# TASK TO CARRY OUT
Return the data exactly, with all pictures removed.

****

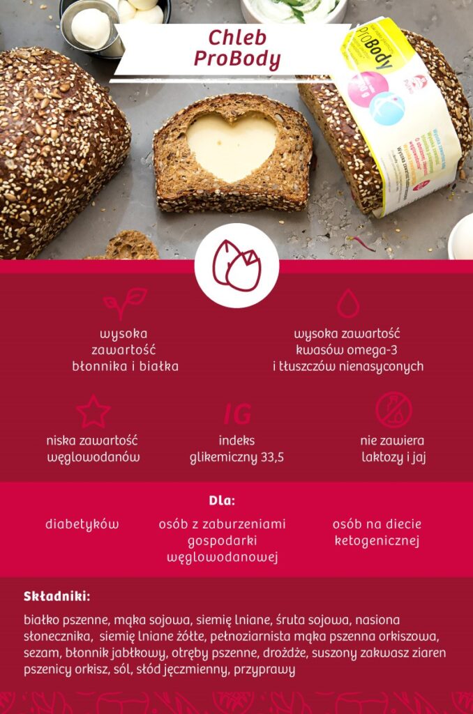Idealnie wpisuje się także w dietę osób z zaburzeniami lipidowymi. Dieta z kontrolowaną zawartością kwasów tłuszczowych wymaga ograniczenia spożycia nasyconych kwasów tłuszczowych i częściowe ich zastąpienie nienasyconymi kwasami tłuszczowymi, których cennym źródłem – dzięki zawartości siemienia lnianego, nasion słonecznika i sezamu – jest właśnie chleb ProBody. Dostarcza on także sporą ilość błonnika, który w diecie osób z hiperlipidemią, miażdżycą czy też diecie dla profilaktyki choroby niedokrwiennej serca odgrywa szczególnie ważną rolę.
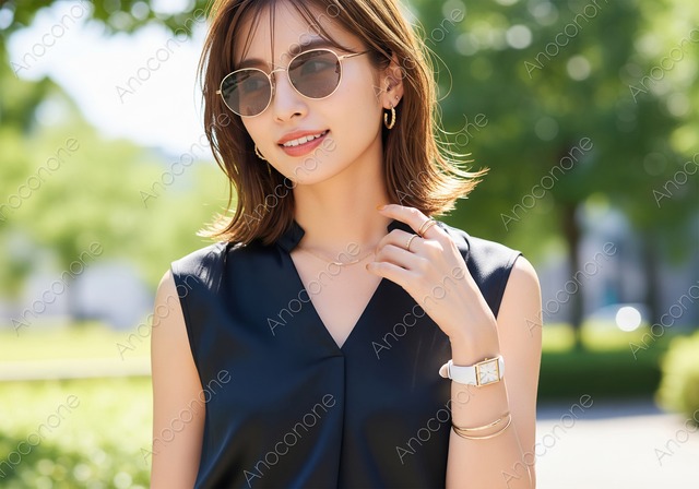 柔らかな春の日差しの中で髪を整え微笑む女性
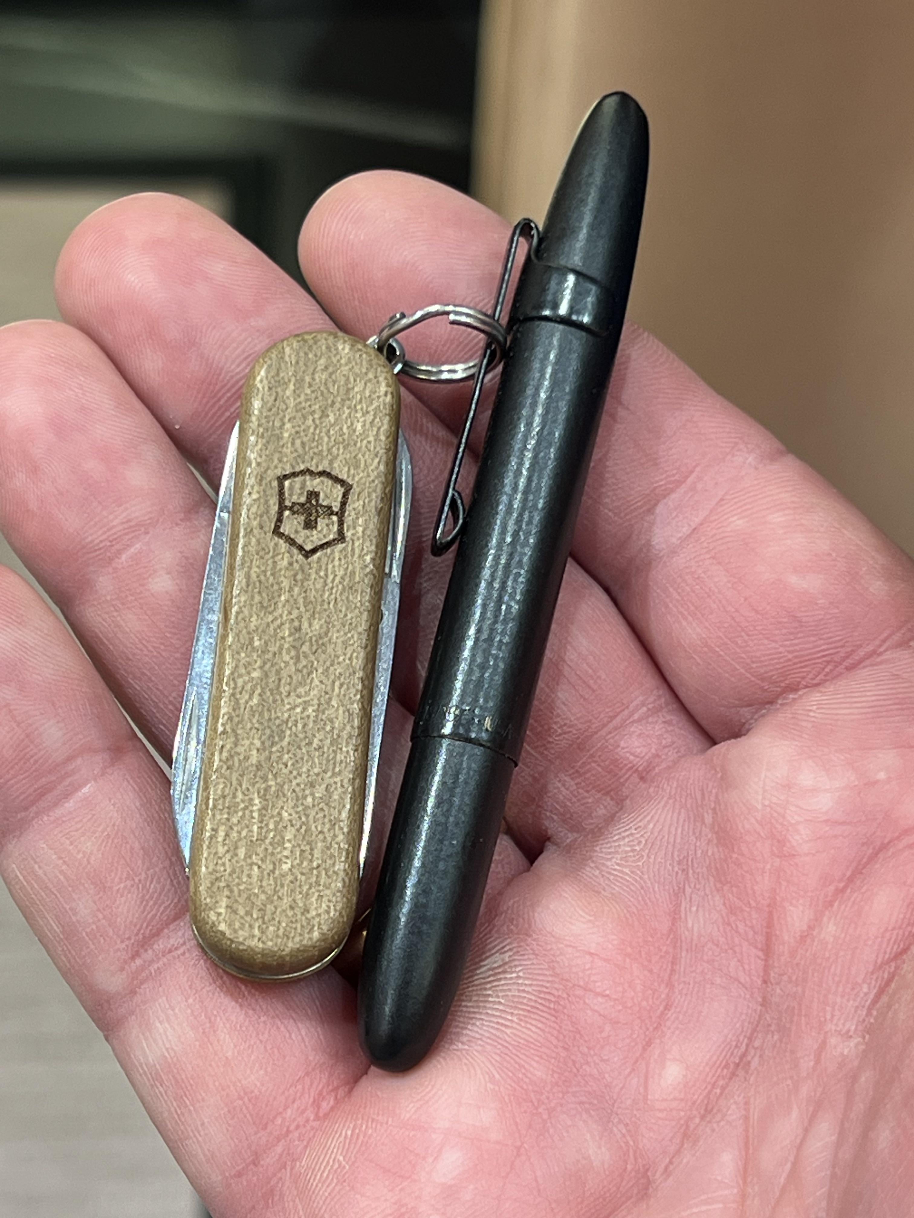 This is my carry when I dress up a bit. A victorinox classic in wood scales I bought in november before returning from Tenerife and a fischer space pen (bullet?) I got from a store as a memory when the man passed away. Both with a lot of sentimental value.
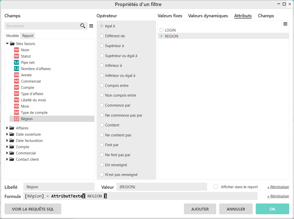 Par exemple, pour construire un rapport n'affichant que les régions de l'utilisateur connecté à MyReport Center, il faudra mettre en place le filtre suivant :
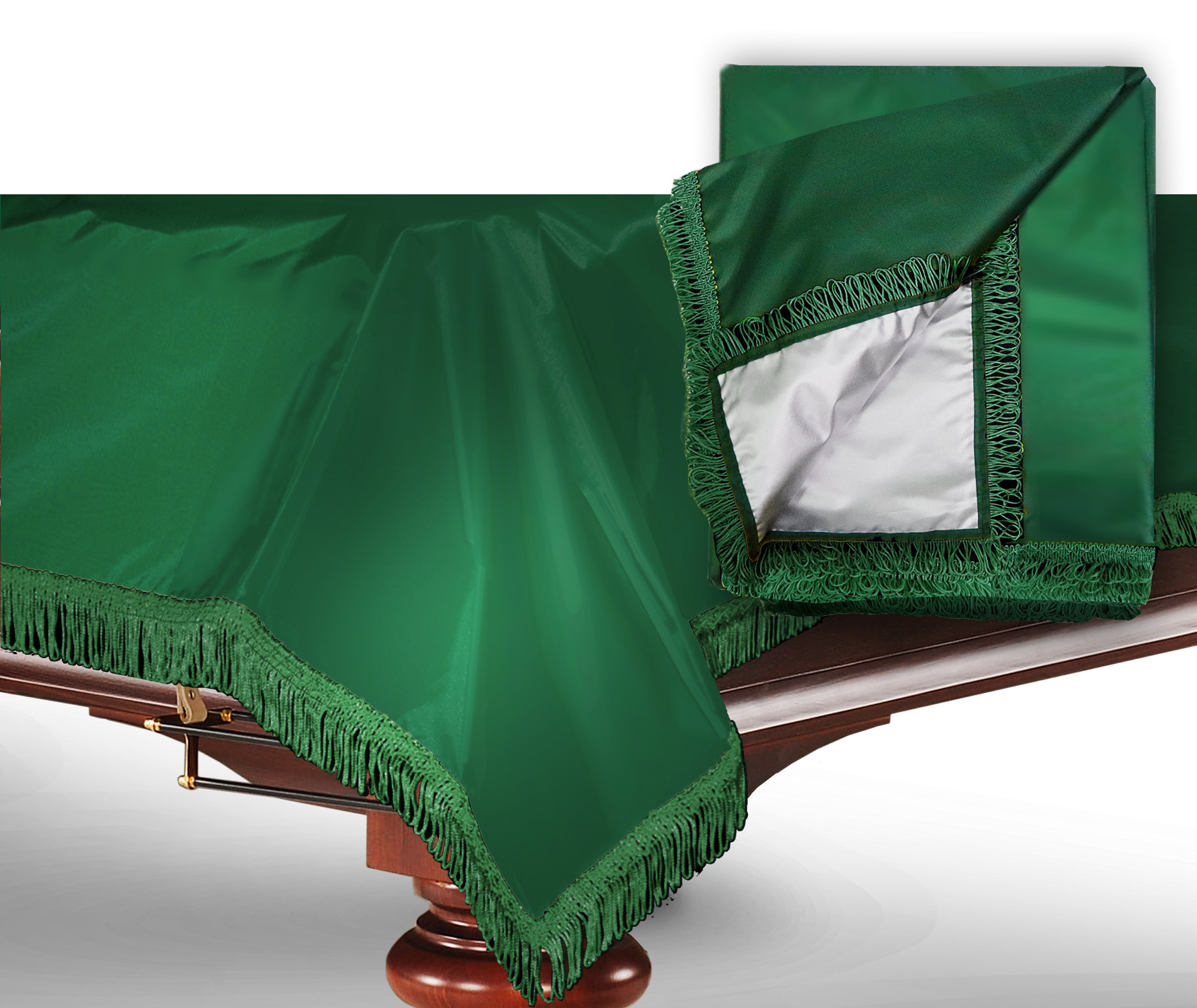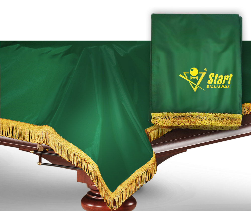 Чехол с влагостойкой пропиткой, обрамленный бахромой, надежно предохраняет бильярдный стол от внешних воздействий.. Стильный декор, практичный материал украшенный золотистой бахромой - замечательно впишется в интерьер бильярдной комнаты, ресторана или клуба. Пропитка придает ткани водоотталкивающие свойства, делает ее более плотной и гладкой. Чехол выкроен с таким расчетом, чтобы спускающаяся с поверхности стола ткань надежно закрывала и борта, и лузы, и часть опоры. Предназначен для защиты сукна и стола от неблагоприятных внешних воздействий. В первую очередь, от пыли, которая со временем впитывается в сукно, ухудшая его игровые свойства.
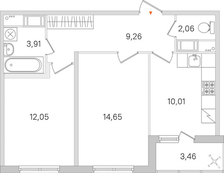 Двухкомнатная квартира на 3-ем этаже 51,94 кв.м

****

# ANSWER FOR THE TASK
Idealnie wpisuje się także w dietę osób z zaburzeniami lipidowymi. Dieta z kontrolowaną zawartością kwasów tłuszczowych wymaga ograniczenia spożycia nasyconych kwasów tłuszczowych i częściowe ich zastąpienie nienasyconymi kwasami tłuszczowymi, których cennym źródłem – dzięki zawartości siemienia lnianego, nasion słonecznika i sezamu – jest właśnie chleb ProBody. Dostarcza on także sporą ilość błonnika, który w diecie osób z hiperlipidemią, miażdżycą czy też diecie dla profilaktyki choroby niedokrwiennej serca odgrywa szczególnie ważną rolę.
 柔らかな春の日差しの中で髪を整え微笑む女性
 This is my carry when I dress up a bit. A victorinox classic in wood scales I bought in november before returning from Tenerife and a fischer space pen (bullet?) I got from a store as a memory when the man passed away. Both with a lot of sentimental value.
 Par exemple, pour construire un rapport n'affichant que les régions de l'utilisateur connecté à MyReport Center, il faudra mettre en place le filtre suivant :
 Чехол с влагостойкой пропиткой, обрамленный бахромой, надежно предохраняет бильярдный стол от внешних воздействий.. Стильный декор, практичный материал украшенный золотистой бахромой - замечательно впишется в интерьер бильярдной комнаты, ресторана или клуба. Пропитка придает ткани водоотталкивающие свойства, делает ее более плотной и гладкой. Чехол выкроен с таким расчетом, чтобы спускающаяся с поверхности стола ткань надежно закрывала и борта, и лузы, и часть опоры. Предназначен для защиты сукна и стола от неблагоприятных внешних воздействий. В первую очередь, от пыли, которая со временем впитывается в сукно, ухудшая его игровые свойства.
 Двухкомнатная квартира на 3-ем этаже 51,94 кв.м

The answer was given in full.